【完】恋の太陽、愛の月
【咲夜side】


………

……





『・・・先生は!ひなたさんが好きなんだよ!?』




ついさっきまで笑い合っていた楓と俺だった。

次は二人でどこかに行こうと計画もしていた。



俺は楓を本気で好きになりかけようとしていた。



・・・なのに。





『でも、心のどこかでずっと分かってる事があるんだ。・・・ひなたさんには勝てないって。どれだけ隣にいて手を繋いでいても、どれだけ傍にいても、先生はひなたさんのことを忘れようと必死な時があるの』




楓にはそう思われていた。


俺の中にまだひなたがいると感じられていた。





否定はできない。

だけど、俺にはもう楓がいればそれでよかった。




『たった数日。たった数日でも私は先生の一番になれてた。
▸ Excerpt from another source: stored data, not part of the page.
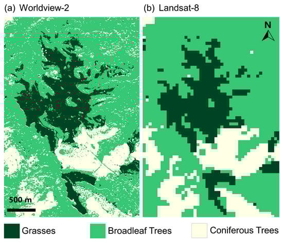 Vegetation classification maps derived from (a) WorldView-2 and (b) Landsat-8, both captured on 26 May 2018. The classifications are divided into three categories: grasses, broadleaf trees, and coniferous trees.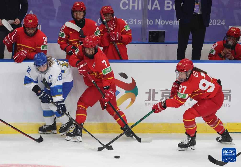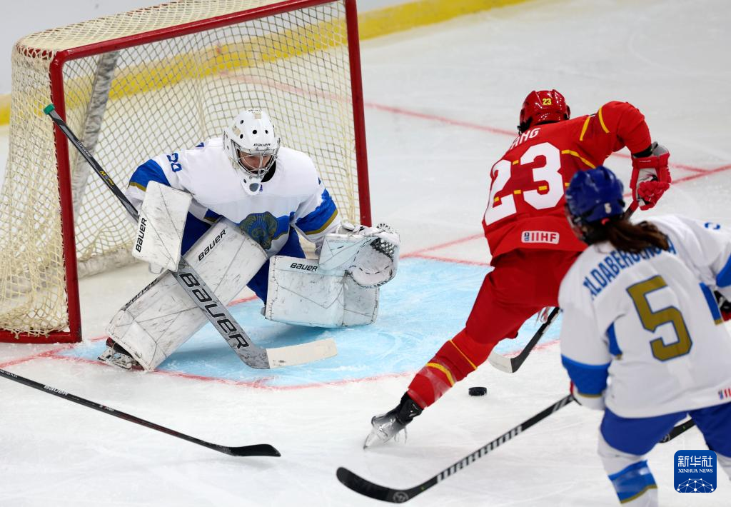 当日,北京首钢冰球馆举行的2025国际冰球联合会亚洲女子冰球锦标赛首个比赛日中,中国队5比0战胜哈萨克斯坦队。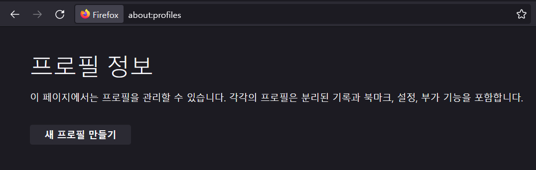 Firefox에서 about:profiles 를 입력하면 프로필 정보를 보거나, 다른 프로필로 새 창을 열 수 있습니다. (쉬잇...! firefox.exe --profilemanager 로 프로필 매니저를 열 수 있다는 건 TMI에요!)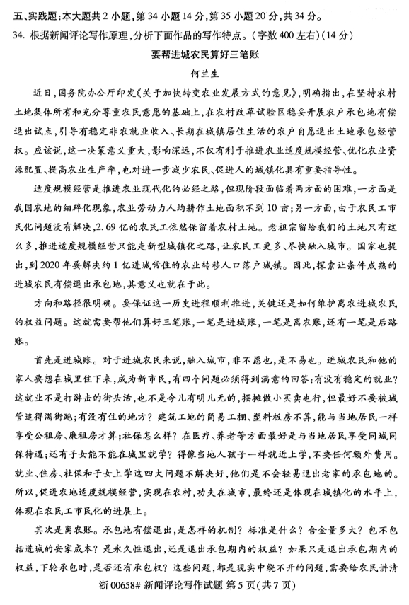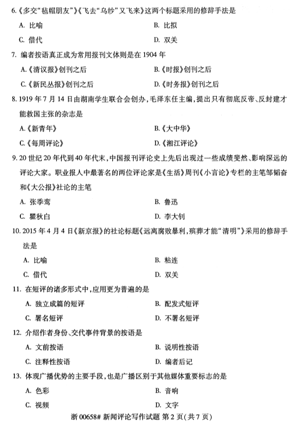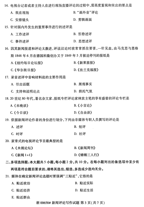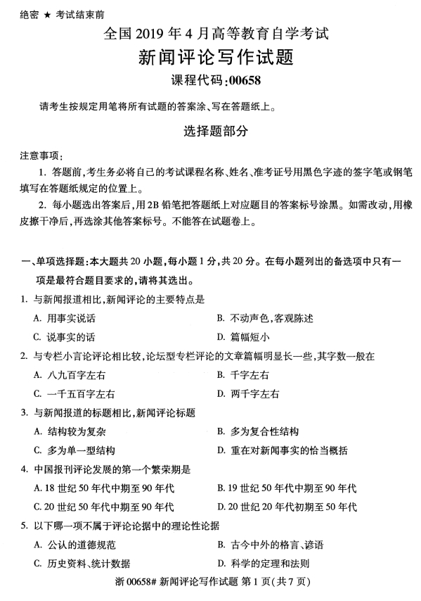 • 所在位置:辽宁自学考试网 > 自考试卷 > 2019年4月全国自考新闻评论写作真题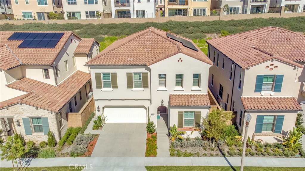 Situated in the highly sought-after Portola Springs village, this elegant contemporary residence offers 4 bedrooms and 4.5 bathrooms, blending thoughtful architectural design, light-filled interiors, and refined finishes in one of Irvine’s premier master-planned communities. A main-level bedroom is privately positioned off the foyer, ideal for guests, multigenerational living, or a dedicated home office. The entry opens to a dramatic living room with a grand two-story ceiling, creating an impressive sense of scale and openness. Floor-to-ceiling sliding glass doors extend the space to a beautifully landscaped backyard with low-maintenance turf and generous usable area—perfect for outdoor dining, recreation, or future customization—seamlessly embracing the indoor–outdoor lifestyle. Designed with a true open-concept layout, the living, dining, and kitchen areas flow together to create an inviting and highly functional gathering space. The kitchen opens to the dining area, where oversized windows frame views of the backyard and bring in abundant daylight. Highlights include an oversized center island, full backsplash, high-end appliances, a walk-in pantry, and floor-to-ceiling white cabinetry offering exceptional storage. The first floor features newly installed luxury vinyl flooring, combining modern style with durability. The home also includes fully paid-off solar panels, supporting energy efficiency and long-term savings. Upstairs offers a dedicated laundry room and three en-suite bedrooms, providing privacy and comfort for every household member. Two secondary bedrooms face south and enjoy excellent natural light throughout the day. The oversized primary suite overlooks the backyard and includes a spa-inspired bathroom with dual vanities, a freestanding soaking tub, and a glass-enclosed walk-in shower with full-height tile surround. Surrounded by preserved open space, Portola Springs residents enjoy access to over 15 pools and parks, playgrounds, sports courts, and miles of hiking and biking trails. The community is served by award-winning Irvine Unified schools and is conveniently located near shopping and dining.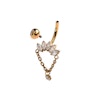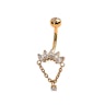Esta joia para o umbigo em titânio com pedras marquesa e corrente não é só mais um barbell em titânio. É toda uma joia com personalidade. As pedras em corte marquesa assentam como se fossem uma coroa, enquanto a corrente dá aquele toque de necessário de drama (porque o teu piercing também merece destaque).

・・・それだけでもう十分!ひなたさん。お願い。先生の想い・・・ちゃんと聞いて?』




俺はどうして楓を止める事ができなかったんだろう。


・・・もっと強く楓に言えばひなたにこの事が伝わることはなかったかもしれないのに。




楓は最後まで涙を流さずにこの場を去った。


「じゃあね。先生!」



俺は去っていく楓を追いかける事もできなかった。